The abrasive material may be particles or fibers of any metal, any intermetallic compound, any inorganic compound or the like. Either natural substances or synthetic substances can be employed as the abrasive material.
The natural abrasive materials employable herein are: powders of garnet, corundum, emery, diamond, spinel, quartz, rottenstone, silica, diatomaceous earth, pumice, granular pumice, feldspar, topaz, metal oxide minerals, whetstone, talc, bentonite, etc.
Aluminas, carbides, nitrides, borides and the like are examples of the synthetic abrasive materials.
Other substances serving as the abrasive material in the invention may include coarse particles or pulverized particles of any hard plastics, provided that they are harder than the matrix organic high polymer. In a case wherein any thermosetting resins are used as the abrasive material, they must have a melting point higher than the temperature at which the matrix organic high polymer is processed.
As to particle size of such an abrasive material, it must be such as collected through any one of appropriate screens ranging from a 10-mesh screen at coarsest to a 200-mesh screen at finest, both defined in the ISO standards.
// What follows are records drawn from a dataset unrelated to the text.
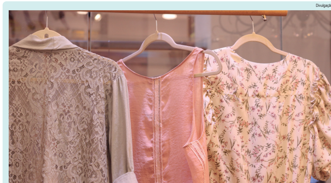
Ação do Procon Piracicaba vai até o dia 2 de abril, especialmente lojas de vestuário e bijuterias

indicador quantifica a exposição institucional em veículos de mídia de alta autoridade indexados no SCImago Media Rankings (SMR). A metodologia detalhada deste indicador pode ser consultada na seção de indicadores. ( https://www.scimagoir.com/methodology.php )
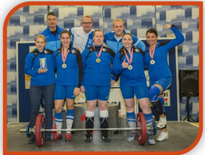
Bild: SK-VÖEST Steel-Girl
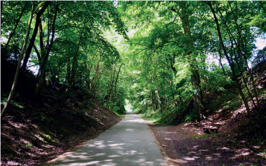
Der Nibelungenweg, ein tiefer Hohlweg am Stadtrand
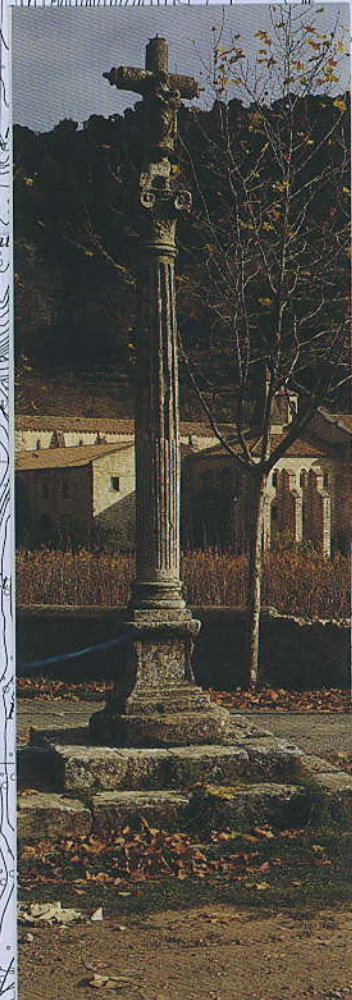
MONASTERIO DE IRANZU
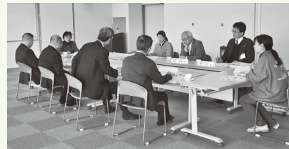
運営委員会の様子
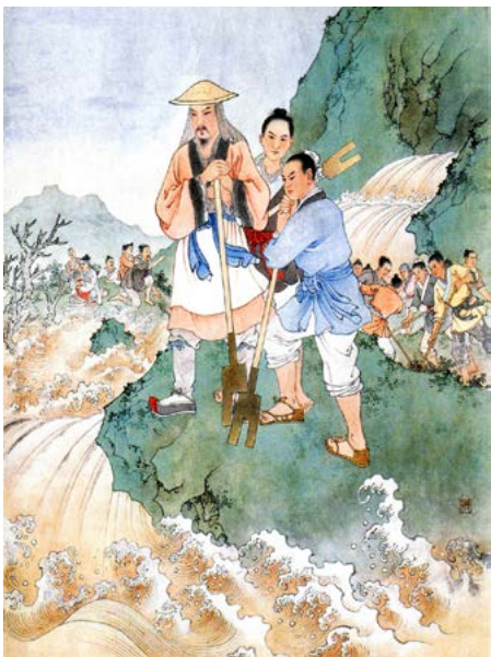
▲在中国有“大禹治水”的传说。大禹治的就是《圣经》中记载的大洪水退去后剩下的那些水。

在世界各地出现的许多文明古迹以及现存的历史资料都见证和记载了人类文明曾多次发生大的劫难。无论是局部的灾难还是全世界的大灾难，其发生时都有一个共同的特征：人类道德极其败坏。或许正是人类道德的堕落才引来了毁灭性的灾难。因为在神的眼里看这些徒具人的外形却没有人的道德的生命已经不再是人了。这样的生命面临的的就是上天的淘汰。
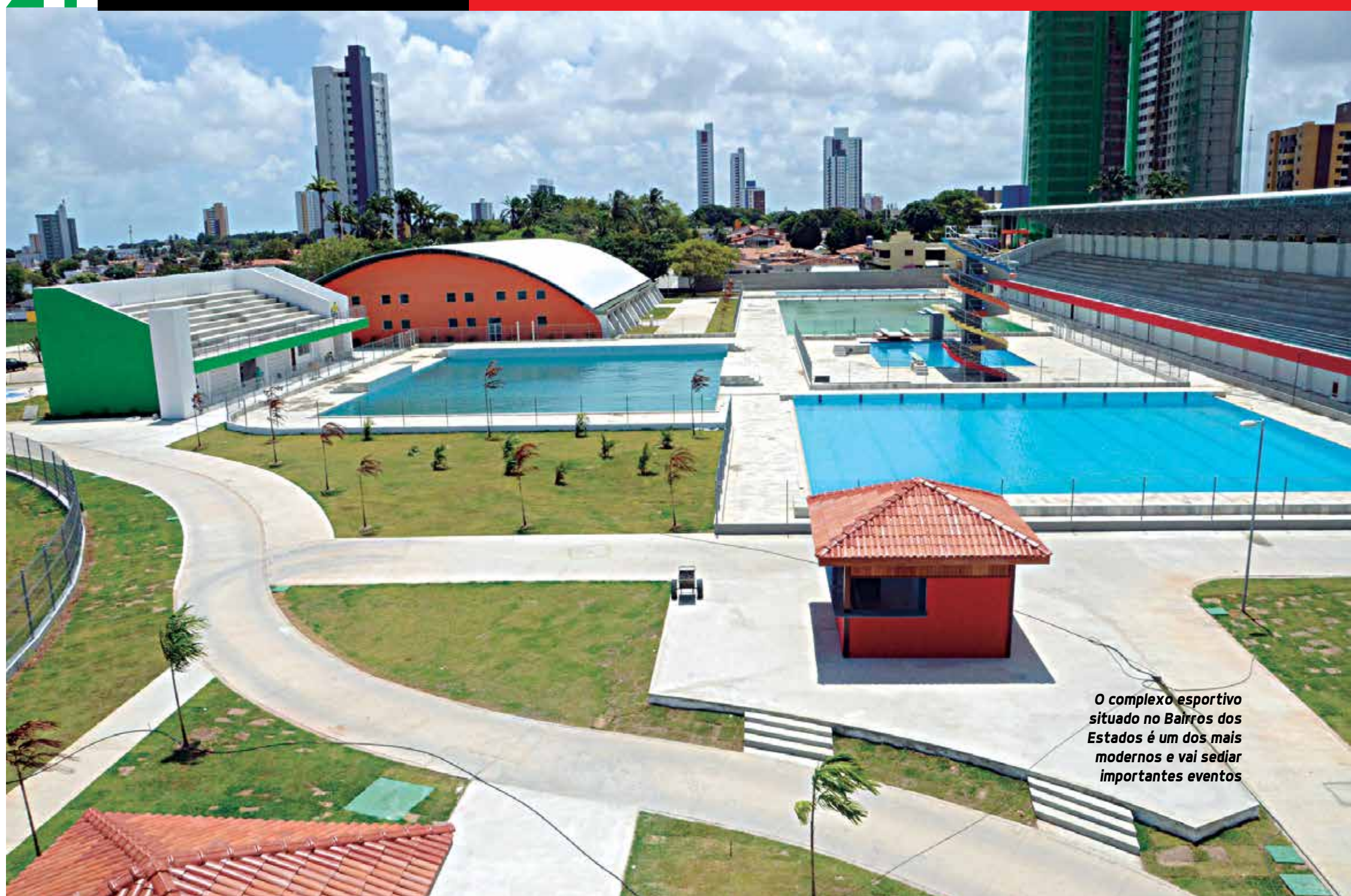
O complexo esportivo situado no Barros dos Estados é um dos mais modernos e vai sediar importantes eventos
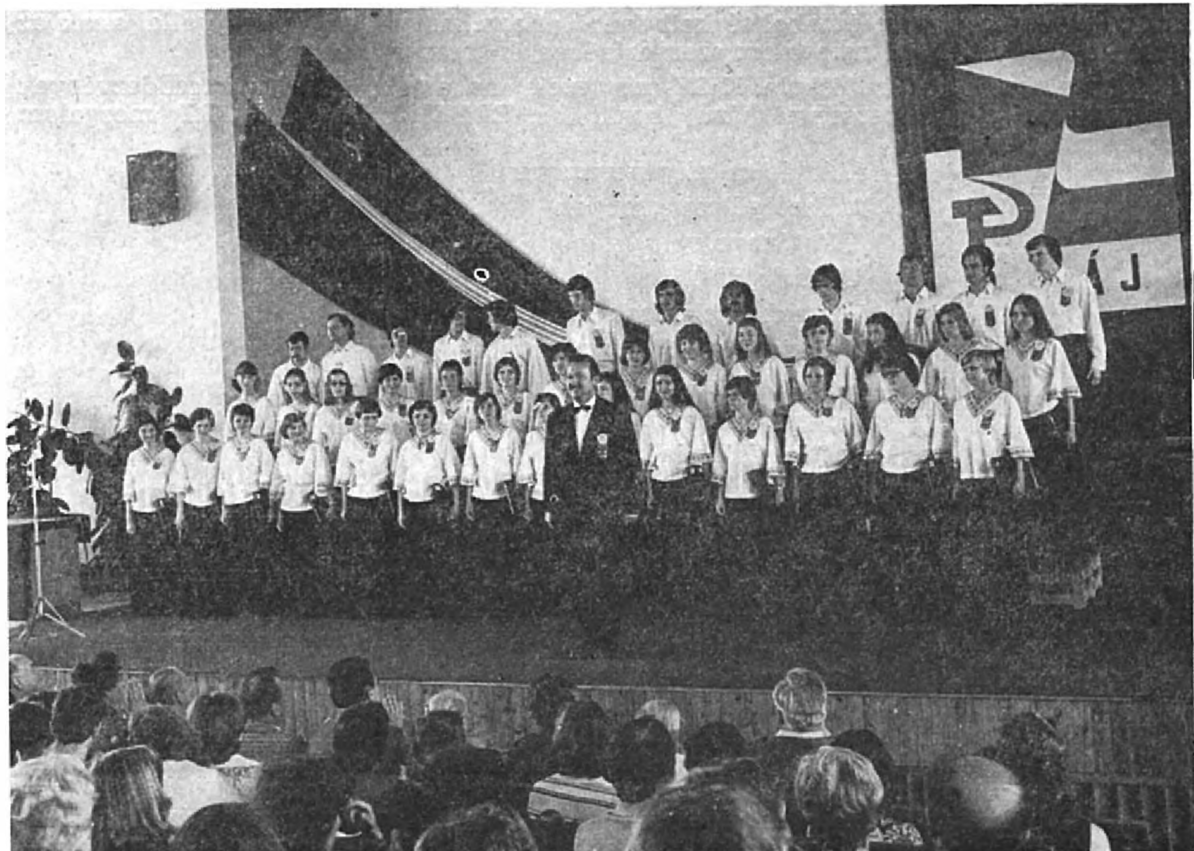
Vegyes karunk Besztercebányán.

Felléptek a főiskola minden emlékünnepségén.
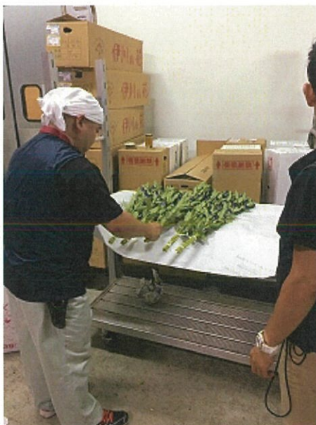
画像 2 大箱(最初)
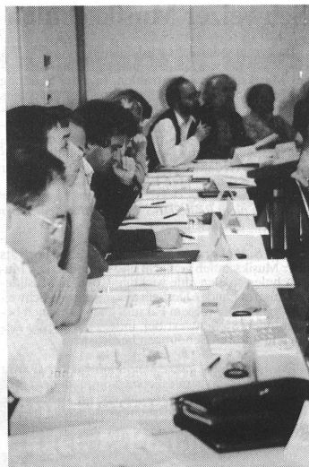
Eine Woche intensive und konzentrierte Ausbildung für Teilnehmer des VMS-Schulleiteraus- bildungskurses zum Thema «Management». Informative und reichhaltige Kursunterlagen vertiefen und festigen den Stoff und ermöglichen eine individuelle Nachbearbeitung des Gelernten im Berufsalltag.
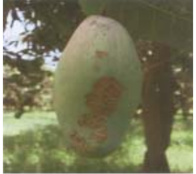
తామర పురుగుతో కాయపై తామర పొలుసు

ఇవి 2 మి.మీ. పొడవుండి, కొత్తచిగురు వచ్చే దశలో ఆకులపై అసంఖ్యాకంగా చేరి గోకి రసాన్ని పీల్చివేస్తాయి. దీనివలన చిగురు ఆకులు చిన్నవిగా ఉండి ఆ తరువాత రాలిపోతాయి. ఈ తామర పురుగులు పుష్పగుచ్చములపై, పిందెలపై చర్మం గీకి రసం పీల్చడం వలన వక్క రంగులో చర్మం బీటలు వారి రాతి మంగు ఏర్పడి, కాయ నాణ్యత పడిపోతుంది.
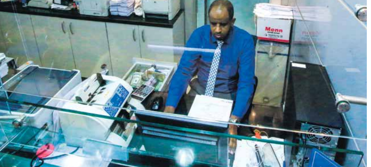
البنوك السودانية تعاني من نقص العملة الشلالي،فخراس (لبن)

وقال إن عقد مزاوات النقد الأجنبي من جانب بنك السودان المركزي خطوة أولى للتدخل،
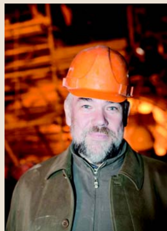
Автор мозаик — народный художник России С.В. Горяев.
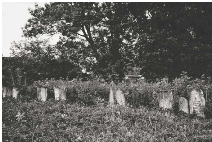
Єврейське кладовище Здолбунова. 08.07.2024 року.
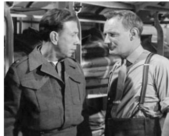
1955 COMMANDO DANS LA GIRONDE (The Cockleshell Heroes) de J. Ferrer avec T. Howard
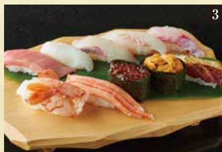
●上 一人前 ¥1,980

本まぐろ赤身、やりいか、えんがわ、サーモン、つぶ貝、蒸し海老、いなり、ねぎとろ、玉子、穴子

A more preferable screen is that which qualifies as a 20-mesh to 150-mesh screens.
Openings constituting the 10-mesh and 200-mesh screens are of sizes from 1.7 mm and 75 microns, respectively.
Openings constituting the 18-mesh and 150-mesh screens are of sizes from 1.0 mm and 100 microns, respectively.
Examples of the abrasive material preferably used herein are: carborundum, sintered alumina, glass powders, silica sand, quartz sand, Japanese volcanic ash called ‘shirasu’, emery, iron powder, copper powder and the like granular substances, glass fibers, metal fibers and the like. More preferable abrasive materials are glass powders and eme ry.
Content of the abrasive material in the abrasive solid may preferably be 30% by weight thereof or more, and more preferably 50% by weight or more.
A content poorer than 30% by weight is not sufficient for the abrasive material to ensure a satisfactory abrasion effect, though it may be useful to remove stain from the article.
As mentioned above, the discrete sections 5 and 6 forming the abrasion solid 1 of the present embodiment are different from each other in particle size and kinds of the abrasion materials 2 and 3. In order that one and single derusting tool 1 suffices well to perform both the roughing abrasion and the smoothing abrasion for a metal surface or the like, those abrasion materials 2 and 3 should be largely different in their particle sizes from each other.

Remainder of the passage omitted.